Find and modify these settings:

; Process Manager Settings
pm = dynamic                  ; Dynamic process manager
pm.max_children = 50          ; Maximum number of child processes
pm.start_servers = 5          ; Number of child processes created at startup
pm.min_spare_servers = 5      ; Minimum number of idle server processes
pm.max_spare_servers = 35     ; Maximum number of idle server processes
pm.max_requests = 500         ; Number of requests each child process should execute before respawning

Adjusting PHP-FPM Settings

The optimal values for these settings depend on your server’s available memory and CPU. For a server with 4GB RAM, the values above are a good starting point. For servers with more resources, you can increase these values proportionally.
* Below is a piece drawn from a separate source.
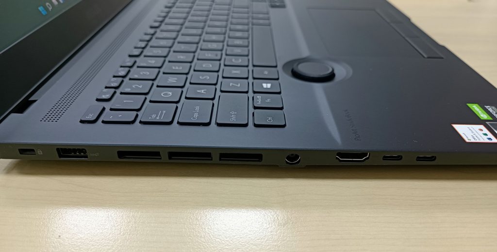 There is two things we will talk about when comes to this Laptop. The first is the Asus Dial, which is a knob that gives additional control located beside the touchpad on your left. As default you can use it to control brightness and volume in Windows 11, but when using specific applications from Adobe, such as Photoshop, it will act as an additional mostly used tools such and zoom or brush types which makes life easier especially for the content creators.

11.5.3. Applying the Changes

After making these changes, restart PHP-FPM and reload Nginx:

# Restart PHP-FPM
sudo systemctl restart php8.3-fpm

# Reload Nginx
sudo systemctl reload nginx

11.6. Conclusion

You have now successfully hardened and optimized your LEMP stack (Linux, Nginx, MariaDB, and PHP) for WordPress hosting. These configurations provide a good balance of security and performance for most WordPress sites.

Remember to monitor your server’s performance and adjust these settings as needed based on your specific workload and traffic patterns. Tools like MySQLTuner, Nginx status pages, and PHP-FPM status pages can help you identify bottlenecks and fine-tune your configuration.